Dataset records:
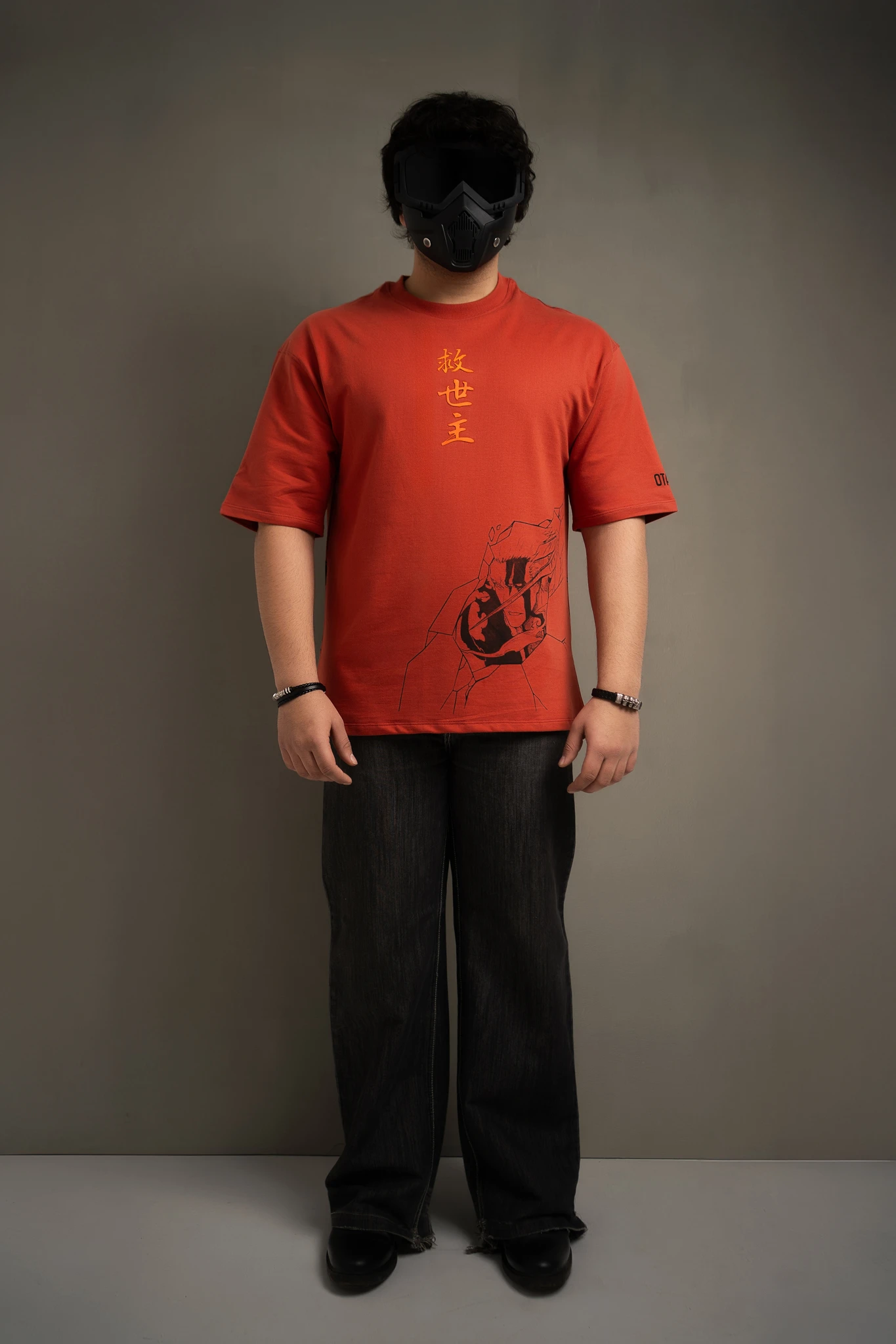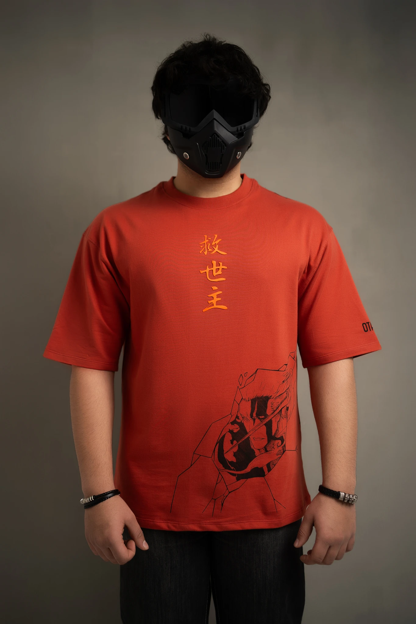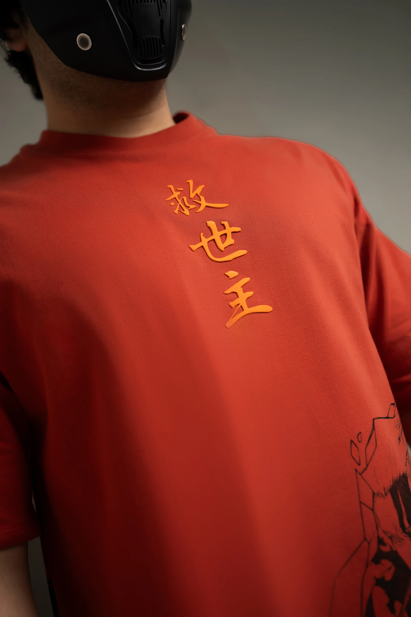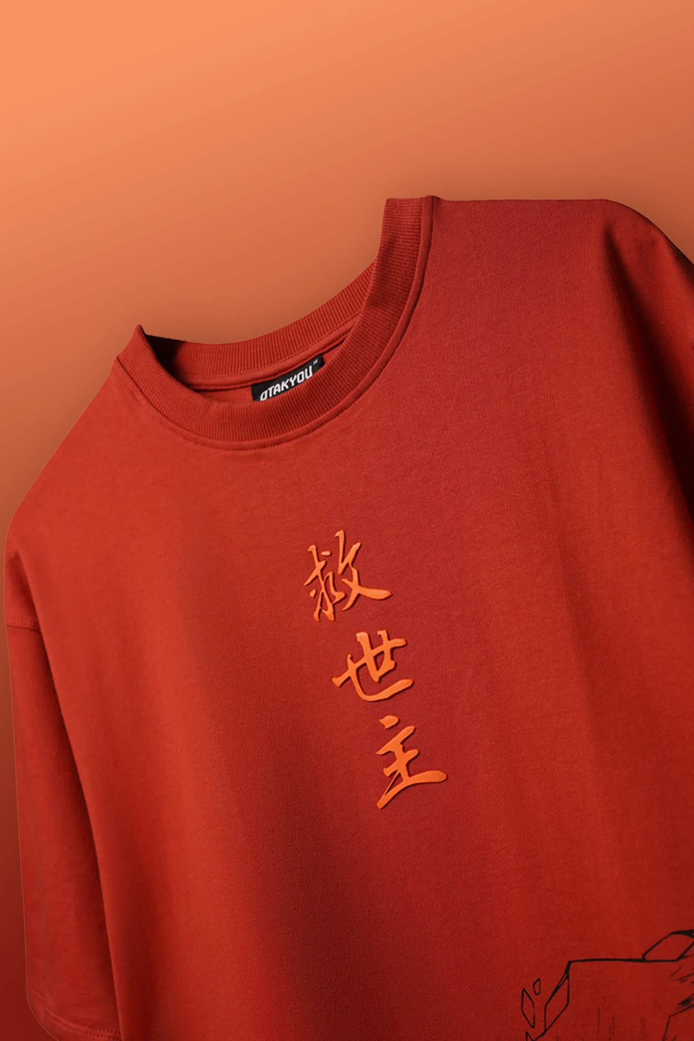 The front keeps it sharp and symbolic with vertically placed kanji in raised puff print, translating to “Savior / Protector.” The minimal placement contrasts the chaos behind, representing the one constant in Ichigo’s journey—his reason to fight.
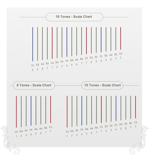 • 8 Noten (C4 D4 E4 F4 G4 A4 B4 C4), 15 Noten (C4 D4 E4 F4 G4 A4 B4 C5 D5 E5 F5 G5 A5 B5 C6), 19 Noten (F3 G3 A3 B3 C4 D4 E4 F4 G4 A4 B4 C5 D5 E5 F5 G5 A5 B5 C6). Jedes Produkt wird vor dem Versand präzise abgestimmt.
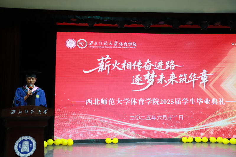 冯军文同学代表2025届全体毕业生发言。他重温了在bevictor伟德官网的成长点滴,感恩母校提供的广阔平台和师长们的谆谆教诲,字字句句流露出对专业的热爱和对未来的坚定信念。他表示,无论走向何方,他们都不会忘记自己共同的名字——西北师大体育人!全体毕业生定将不负公司培养,努力在各自的领域发光发热。
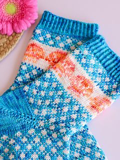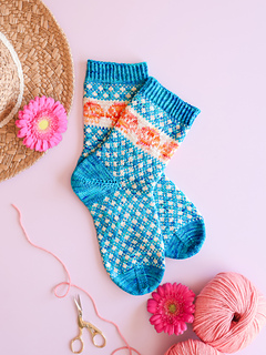 Et pour ajouter une touche de fun, le fond reprend un motif de carreaux qui vous rappellera sans doute une marque de pâtes bien connue. Alors, laissez-vous transporter par ces chaussettes “Coquillettes” et imaginez-vous en balade au bord de l’eau, le sable chaud sous vos pieds et le bruit des vagues en fond sonore. Un petit goût de vacances à tricoter !
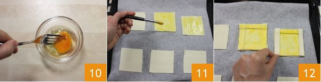 Beat an egg 10 and brush the surface of the squares using a brush 11. With the leftover dough, create strips 1/2 inch wide and 3 inches long and attach them to the 4 edges of the pastry squares 12.

Prompt: The lines from the one containing "Et pour ajouter" through the last line of the entries are to be copied exactly, both ends included, and the pictures are to be omitted.

Finished exercise:
 Et pour ajouter une touche de fun, le fond reprend un motif de carreaux qui vous rappellera sans doute une marque de pâtes bien connue. Alors, laissez-vous transporter par ces chaussettes “Coquillettes” et imaginez-vous en balade au bord de l’eau, le sable chaud sous vos pieds et le bruit des vagues en fond sonore. Un petit goût de vacances à tricoter !
 Beat an egg 10 and brush the surface of the squares using a brush 11. With the leftover dough, create strips 1/2 inch wide and 3 inches long and attach them to the 4 edges of the pastry squares 12.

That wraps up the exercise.